Lizzie Kane | Chicago Tribune
A.J. Patton, CEO and managing partner of 548 Enterprise in Chicago, said he started his company in 2016 to lower people’s costs and build sustainably. Building to the Passive House standard is one way to do this, he said. Patton has two multifamily affordable housing projects in the pipeline incorporating Passive House design, and he said he thinks more developers would use the standard if they saw it being done to scale.“It’s a follower’s market,” Patton said.
Single-family Passive House homes were built years prior to the multifamily projects, as the standard was originally geared toward single-family homes, according to Isaac Elnecave, policy specialist at Phius. Illinois has 20 Passive House single-family homes underway or completed, 13 of which are in the Chicago area, according to Phius’ certified project database.
Chicago’s building code was changed to accommodate the Passive House standard in 2022 with the adoption of the Chicago Energy Transformation Code, which allows Phius-certified buildings as an alternative method of compliance with building energy codes. A statewide building energy code will be implemented soon, Elnecave said.
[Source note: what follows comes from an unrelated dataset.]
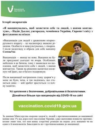Відома ужгородська спортсменка, чемпіонка України, Європи і світу з фехтування на візках Надія Дьолог вакцинувалася, щоб захистити себе та людей, з якими контактує.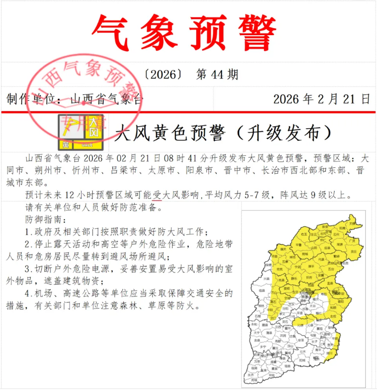 山西省气象台2026年02月21日08时41分升级发布大风黄色预警,预警区域:大同市、朔州市、忻州市、吕梁市、太原市、阳泉市、晋中市、长治市西北部和东部、晋城市东部。

CJ Miller, left, and Tom Deneen install a trunk line for an HVAC system that will supply fresh air in the Conservatory Apartments in Garfield Park on Aug. 2, 2023. The system reuses conditioned air for energy savings. “I truly believe this is the way we’re going to build in the future,” said Susan King, principal with HED Architects and the architect for the project. “We have to be more conservative with our resources.”
548 Enterprise’s two multifamily Passive House projects are expected to break ground either at the end of this year or early next year.